Al mismo tiempo la obliga a levantarse, asiéndola brutalmente de los hombros. SABELITA reprime un grito y se pasa muchas veces las manos por la frente, con tanto miedo de aquel hombre como del viejo hidalgo, a quien no osa mirar. Quiere acercársele humilde. EL CAPITÁN se lo impide cortés y rufianesco, acompañando las palabras con una sonrisa de su cara tiznada.
EL CAPITÁN.— Usted delante alumbrándonos, hermosa.
SABELITA.— ¡No!… ¡No!…
EL CABALLERO.— Acompáñalos, Isabel.
SABELITA.— ¿Está herido?
EL CABALLERO.— No.
SABELITA.— ¡Perdóneme!
EL CABALLERO.— Acompáñalos.
La barragana, temblando, coge la luz y sale. Los ladrones la siguen con un rumor de pasos cautelosos, y cuando han desaparecido en el fondo del corredor, se alza llena de imperio la voz del hidalgo.
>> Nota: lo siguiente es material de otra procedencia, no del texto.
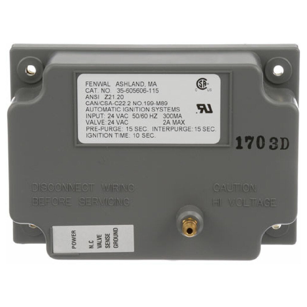 Vulcan Hart 354447-00001 Fenwall # 35-605606-115 24vac 50/60hz, Pre-purge 15 Sec Interpurge 15 Sec Ignition Time 10 Sec., 3-3/4" X 5-1/4 Grey Box Fenwal Spark Plug Type, 4-1/2" X 2-7/8" Mt Ctrs., Vulcan Oven Gco2c Gco2d, Wolf Oven

EL CABALLERO.— ¡Sabelita, apaga el velón!
EL CAPITÁN.— ¡Cuidado, señora!
EL ENMASCARADO.— ¡Maldito viejo!
SABELITA se ha estremecido bajo la ráfaga de aquella voz despótica, y casi inconsciente, como bajo una fuerza sobrenatural, sopla la luz y huye en la oscuridad antes de que puedan estorbarlo los ladrones. EL CABALLERO pide auxilio desde la ventana, y sus voces corren en la noche perseguidas por el ladrido de los perros.
EL CABALLERO.— ¡Fuego! ¡Fuego! ¡Socorro!…
UN VECINO.— ¿Dónde es el fuego?
EL CABALLERO.— ¡En mi casa! ¡En casa de Don Juan Manuel!
Temeroso de que sean ladrones, EL VECINO abre a medias su puerta, y confirmado en sus recelos al no ver las llamas cierra cauteloso y prudente. Los ladrones corren hacia donde sonó la voz, y hallan la ventana abierta y sola, sobre el cielo estrellado y profundo. DON JUAN MANUEL ha desaparecido. La luna penetra en la sala y esclarece débilmente. Reunidos en el fondo, bajo el argentado reflejo, los ladrones se hablan en voz baja.
UN LADRÓN.— ¿Qué hacemos?
EL CAPITÁN.— ¡Maldita suerte!
OTRO LADRÓN.— Si acuden, podemos escapar saltando las tapias del huerto…
OTRO LADRÓN.— ¿Lo dejamos?
EL ENMASCARADO.— Dejarlo, no. ¡Escuchad!…
Callan y atienden. Llegan apagadas las voces de los criados, que piden socorro, y los ladrones se dispersan explorando por las estancias oscuras.